OpenAI has introduced GPT-Rosalind, an artificial intelligence model specialized in scientific domains such as biochemistry, genomics, and protein engineering. Its primary goal is to accelerate early-stage pharmaceutical research, a process that can currently take between 10 and 15 years. Access is restricted to verified companies in the United States, with partners like Amgen and Moderna already involved.
Integration with Tools and Technical Capabilities 🔧
The model is accompanied by a plugin for Codex that allows it to connect with over 50 specialized scientific tools and databases. This integration consolidates queries and analysis into a single interface, optimizing tasks such as evidence synthesis, hypothesis generation, and experimental design. In internal evaluations, GPT-Rosalind outperformed most human researchers in sequence-to-function predictions, although it did not manage to surpass the top specialists in the field.

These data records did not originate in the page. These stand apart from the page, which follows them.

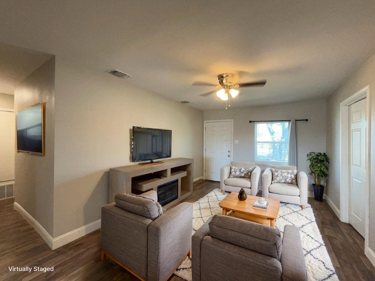Welcome to this beautifully maintained 3-bedroom, 2.5-bath home that blends comfort, style, and everyday convenience. Step inside to warm wood flooring and an inviting open floor plan designed for both relaxing and entertaining. The spacious living and dining room combination offers flexibility in how you arrange your space, while the decorative fireplace adds charm and character. The HVAC system with a programmable thermostat ensures year-round comfort tailored to your schedule.
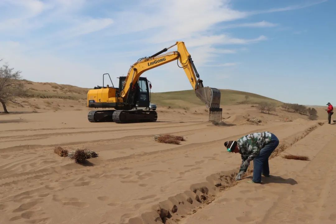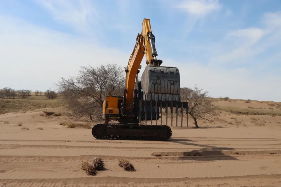 據(jù)錫林浩特市二蛋牧民養(yǎng)殖專業(yè)合作社負(fù)責(zé)人介紹,在傳統(tǒng)的沙漠治理作業(yè)中,工人需要手動(dòng)栽植黃柳等固沙植物。然而,人工種植不僅效率低,勞動(dòng)強(qiáng)度也大。為突破這一困境,合作社成員經(jīng)過多次試驗(yàn),最終決定對挖掘機(jī)進(jìn)行創(chuàng)新改造,加裝叉具,這一巧妙的設(shè)計(jì)不僅實(shí)現(xiàn)了對黃柳種植深度和間距的精準(zhǔn)把控,還能有效避免土壤翻動(dòng),最大程度地保持了土壤水分,切實(shí)保護(hù)了沙地的生態(tài)環(huán)境?! ?/p>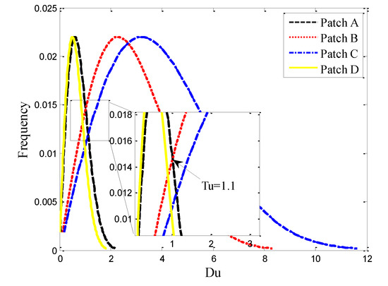 To quantitatively evaluate the performance of different decomposition methods and ascertain the discriminating threshold, four types of land cover classes are considered in the image (the red box area in Figure 5a): shrub/scrub areas (patch A), building with small orientation (SOB) areas (patch B), LOB areas (patch C) and ocean areas (patch D). The corresponding feature histograms are given in Figure 6. It can be observed that there is a significant distinction in the criteria area descriptors between urban areas (patch B and patch C) and natural areas (patch A and patch D). This makes it easy to separate the building areas from other land cover areas. According to the literature [41] and Figure 6, the discriminating threshold can be set as 1.1 for the case of the AIRSAR data. After determining the threshold value, the corresponding normalized scattering power statistics are shown in Table 1.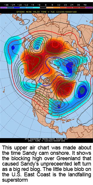 The big blocking high over Greenland, caused by the extra warmth in the Arctic created by the twice-record smashing low Arctic sea ice melt this year, was what forced Sandy to move inland as it mated with the Nor’easter spawning this climate change superstorm.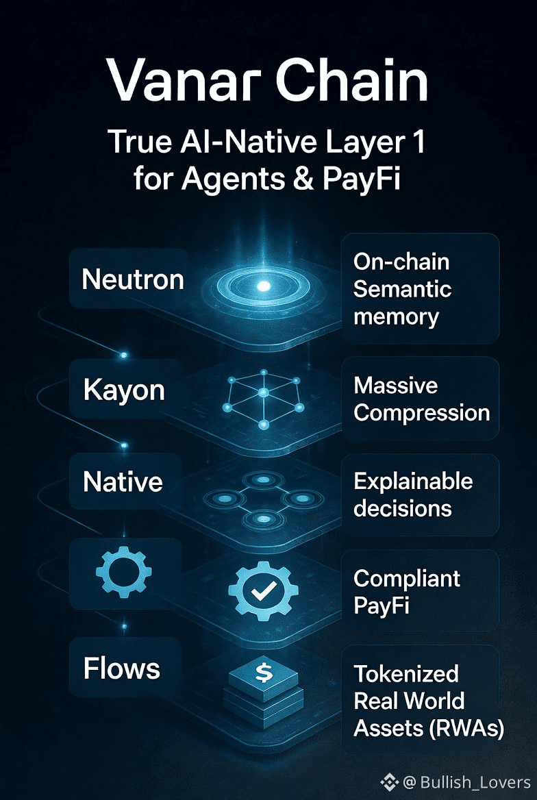 This isn't hype; it's proven with live products powering PayFi (tokenized real-world assets with built-in compliance), on-chain gaming, and AI-driven apps that scale without compromises. Unlike retrofitted chains chasing TPS numbers, Vanar prioritizes what AI truly needs: persistent memory, verifiable reasoning, and seamless global settlement.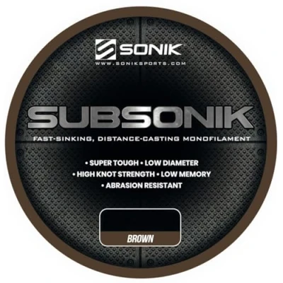 Sonik Subsonik - Super smooth, High Tech monofilament from Sonik - Wide range of variants available - Very high knot strength - Ultra high strength compared to a relatively thin diameter - Minimal stretch characteristics for maximum control during the retrieve - Casts extremely easily and smoothly - Very durable and robust - Unobtrusive, precisely defined colours - Designed for the carp angler who wants the very best - Look no further for the ideal carp line and fish every session with confidence and precision! The Sonik Subsonik is a super smooth, high-tech monofilament nylon line that has been specially designed for the carp angler who wants only the best for his or her fishing. The minimal stretch properties provide maximum control during the retrieve and extremely accurate bite registration, while the high degree of abrasion resistance allows every session to go off without a hitch. When looking for the ultimate line in every respect, look no further!

And the lab interns, what will they do now? 🤔
With a model that summarizes literature, generates hypotheses, and designs experiments, one wonders what the new crucial task assigned to trainees will be. Perhaps their role will evolve into supervising that the AI doesn't decide, out of boredom, to design a protein that turns coffee into beet juice. Or maybe they will specialize in pressing the server's power button that runs Rosalind, a position of undeniable responsibility.